Thursday, December 16, 2010

Bozell: Barbara Walters vs. Sarah Palin

There's absolutely a guarantee that the media deeply hate her
*
When ABC's Barbara Walters includes Sarah Palin in her list of the year's "Most Fascinating People," Media Research Center founder Brent Bozell advises, make no mistake - it's a compliment delivered with the back of her hand. Walters began her Palin segment by slamming Sarah with "Many people find the thought of you as president a little scary":
This is not what Walters asked President Obama in yet another gooey Barack-and-Michelle hour-long ABC interview on Thanksgiving night. Clearly, a large, energized chunk of the American electorate believed -- and continues to believe -- the idea of Obama as president to be horrifying. Instead, Walters lobbed softballs like this:

"When we come back, we'll hear about family life in the White House, just who slept through the midterm elections, the importance of SpongeBob SquarePants and the night the Tooth Fairy didn't show up. Stay with us."

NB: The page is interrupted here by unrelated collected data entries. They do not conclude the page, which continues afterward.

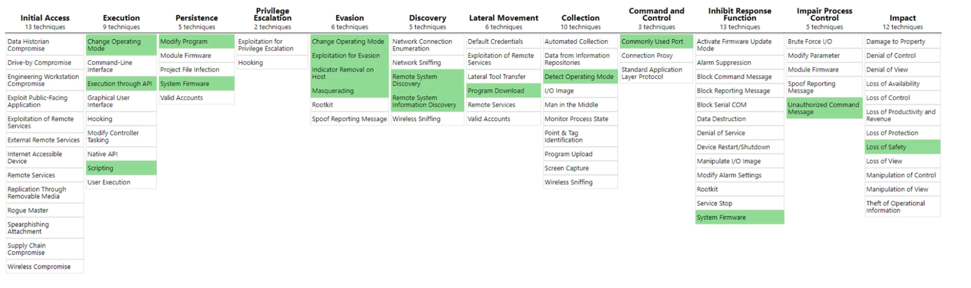 We are tracking different attacks using the MITRE ATT&CK ICS framework. This matrix is an effective tool security pros can use to identify, assess, and mitigate cyberattacks against industrial networks. For example, here are the relevant attack techniques and tactics used by the infamous Triton ICS malware.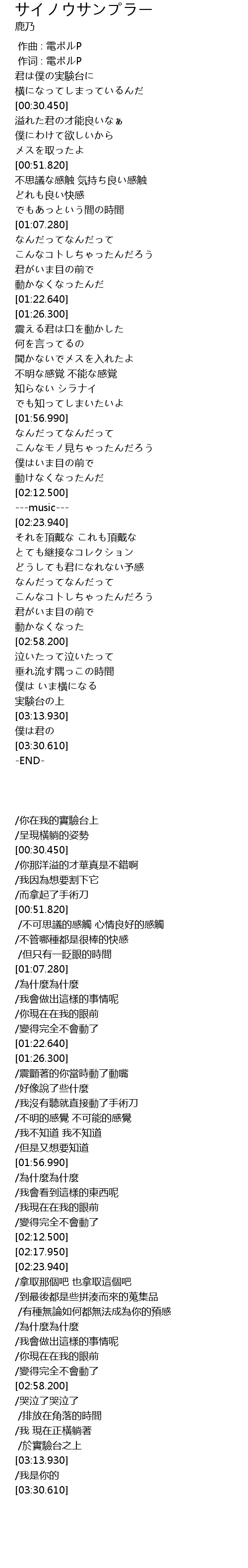 | [01:38.280] | 聞かないでメスを入れたよ |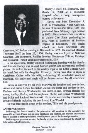 Harley was born in North Caroline while his dad was in the service.  After Harley's birth, the family moved to the Valley City area.  Later they moved to Pillsbury, ND where Harley graduated from High School.  He attended Valley City State College and graduated in 1969.  After graduation, Harley taught school for three year.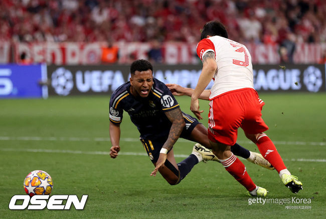 뮌헨의 승리가 가까웠던 순간, 다시 김민재의 치명적인 실수가 나왔다. 그는 박스 안에서 위협적으로 공을 소유해 달려들어가던 호드리구를 과하게 잡아 넘어뜨렸고 주심은 지체 없이 페널티 킥을 선언했다. 키커로 나선 비니시우스가 침착하게 골을 만들었다.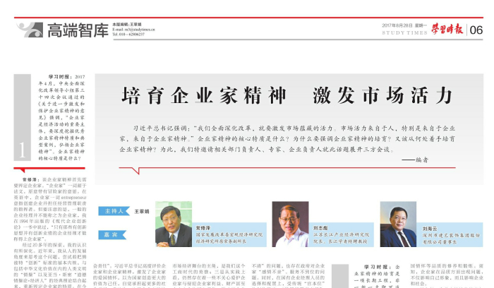 转载中央党校《学习时报》:培育企业家精神,激发市场活力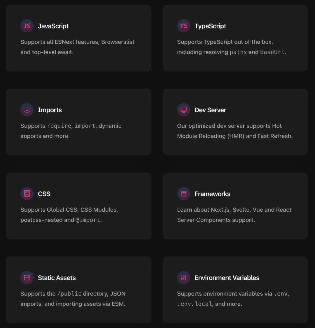 環境変数: .env、.env.local などを通じて環境変数をサポートします。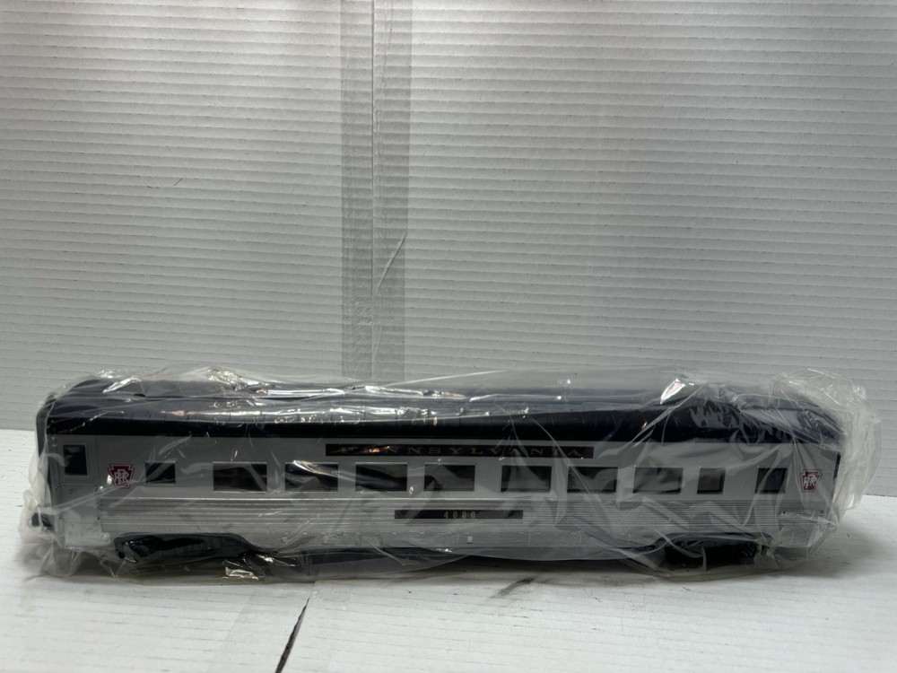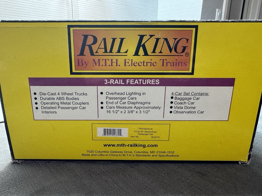 Railking o gauge Pennsylvania, four car 60 foot streamlined passenger set new inbox. Box does show somewhere from storage. No30-6715. If you have any questions, please feel free to message me thank you and have a good day.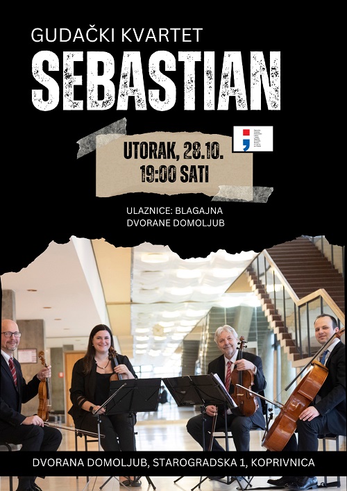 U utorak, 28. listopada s početkom u 19 sati, u dvorani Domoljub očekuje vas nezaboravna večer vrhunske komorne glazbe uz nastup Gudačkog kvarteta Sebastian, jednog od najistaknutijih hrvatskih ansambala s više od tri desetljeća umjetničkog djelovanja.

Liberals like Walters always assume that if you're liberal, you're smart; if you're conservative, you're either evil or stupid. Or both.

It was Michelle Obama who claimed she went to bed early on Election Night, like she always does (so much for Walters being a skeptical interviewer). And it was Michelle Obama who tried to make excuses for the Democratic fiasco by sounding remarkably uninformed.

"I mean, my understanding is that, number one, every president in history has lost Congress at the midterms," the first lady claimed. "Maybe that's overstating it, but it's happened for every president in my lifetime." The president tried to clean it up: "It's the norm."

Walters just sat there, lost in her adoring gaze, accepting these assertions, which were flat-out wrong. Even the last president didn't lose Congress in the 2002 elections (Republicans kept the House; Senate Democrats had captured the majority earlier that year with the switch of Sen. Jim Jeffords). Neither did the first George Bush in 1990 (Congress was firmly Democrat), or Ronald Reagan in 1982 (when the Senate stayed Republican, and the House stayed Democrat).